For much of the 20th century in America, a little-known but widespread government program locked [women] up without trials simply for having sexually transmitted infections—and then forced them to undergo dangerous, poisonous “treatments.”Scott Stern, A&E history.com, March 27, 2019
Until recently I had never heard of the American Plan or the Chamberlain-Kahn Act of 1918. Neither had any of my friends or family. A friend shared an article on history.com with me and it really stunned me – apparently America ran a nationwide fascist attack on women for decades during the 20th century and I was completely unaware of it! How was that possible and why is it not a central part of our history curriculum?
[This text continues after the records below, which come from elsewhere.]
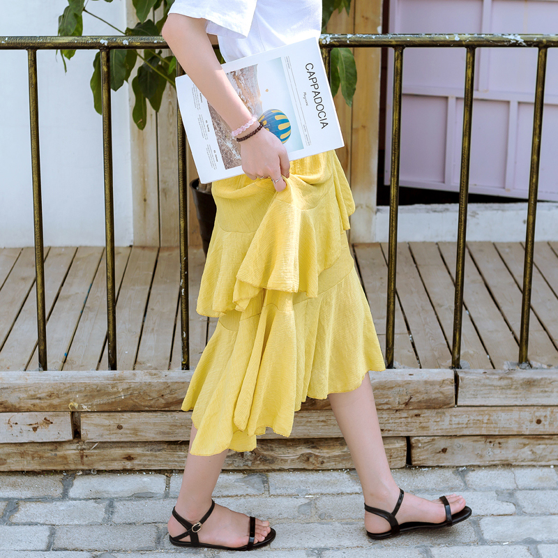 / Caqa/珂奇春夏新款韓國中長款半身蛋糕裙雪紡蓬蓬裙長裙高腰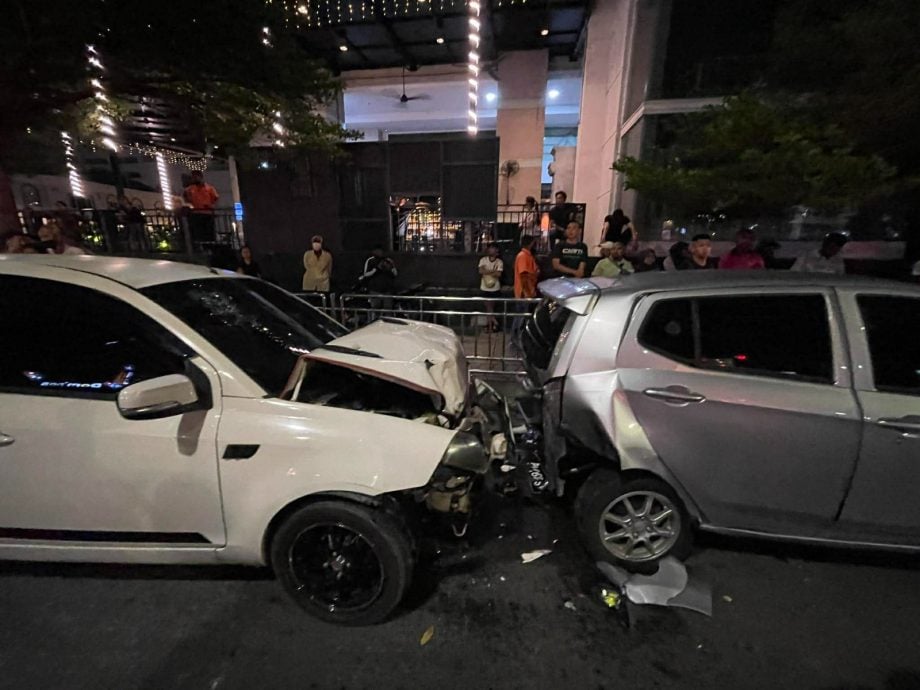 (槟城12日讯)印裔司机驾车经过市区,突然失控撞向路旁停着的汽车,酿4车连环撞,其中一辆车内有人,造成2人受伤。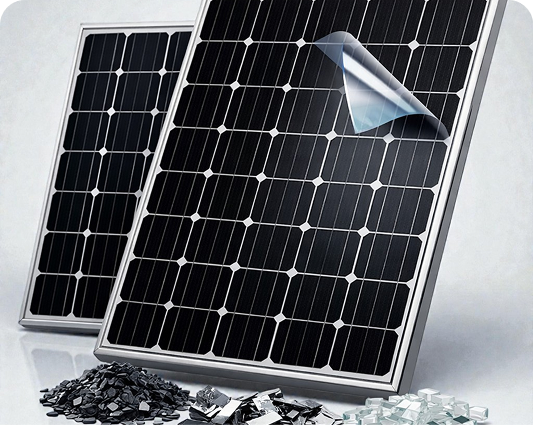 Recovered EVA encapsulant recycled for reuse in industrial plastics and energy-efficient materials.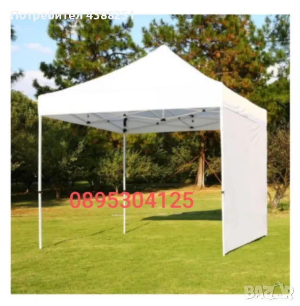 шатра 3х3м бяла сгъваема тип хармоника,бяла метална изключително здрава конструкция,непромокаемо здраво платнище гумирано отдолу,разпъва се за 1 минута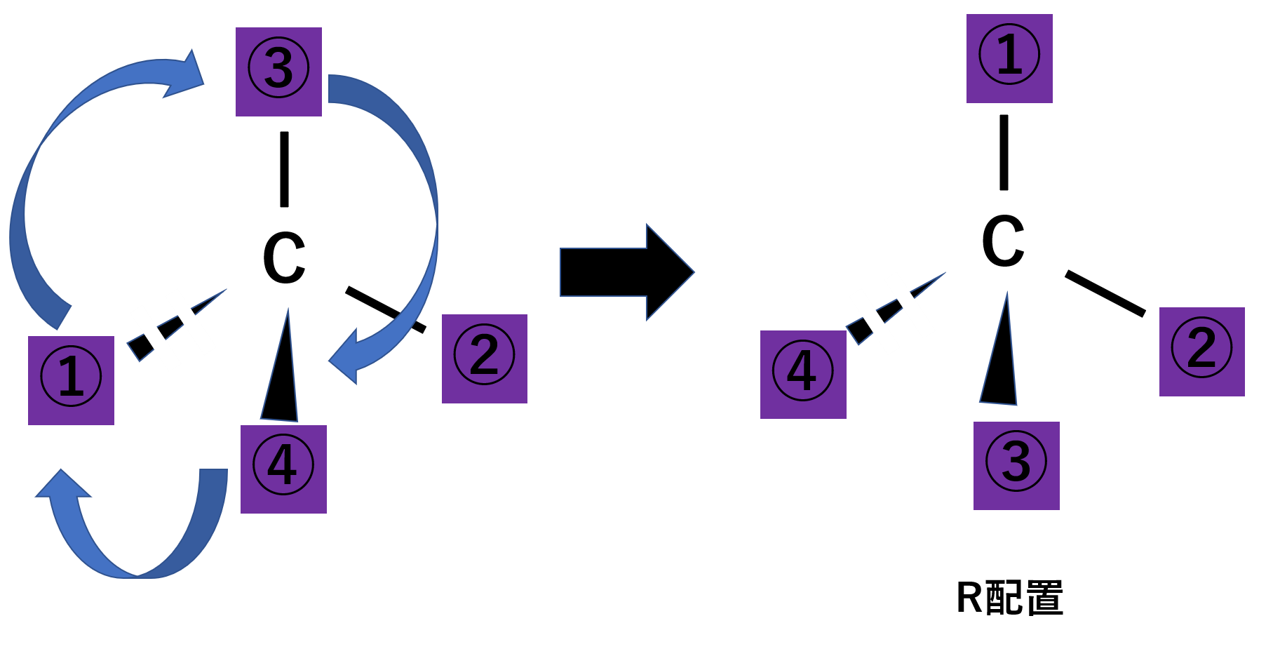 このような時に使われるのがRS表示です。前回のZ配置やE配置を決める時に使った優先順位のルールに則り、炭素原子についているその他の原子に優先順位をつけます。優先順位のC番目を奥に置いたときに、残りの@、A、Bが時計回りならR配置となります。逆に@、A、Bが反時計回りならS配置となります。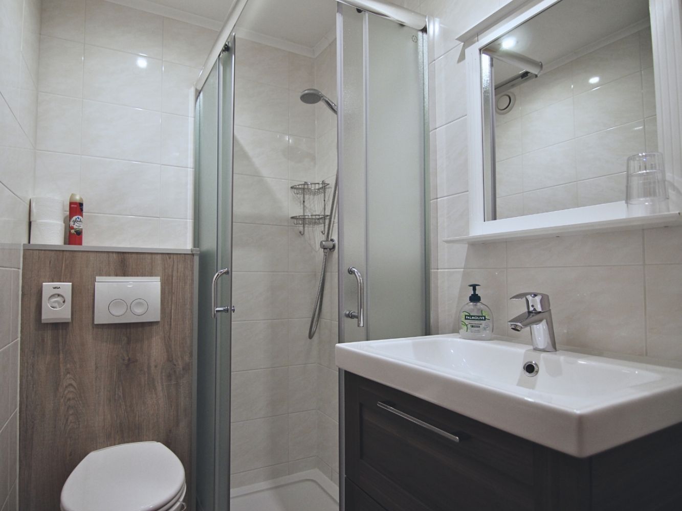 On the third floor are two bedrooms, one with three single beds and en-suite bathroom with shower and toilet. One bedroom with four single beds and en-suite bathroom with shower and toilet.

The resurfacing of this sobering chapter of American history is in part due to the research of Scott Stern at Yale University Library in 2015 and the subsequent publication of his 2018 book The Trials of Nina McCall: Sex, Surveillance, and the Decades-Long Government Plan to Imprison “Promiscuous” Women. Most recently, in March of 2019, A&E Television Networks published an article by Stern summarizing his research and information on the American Plan.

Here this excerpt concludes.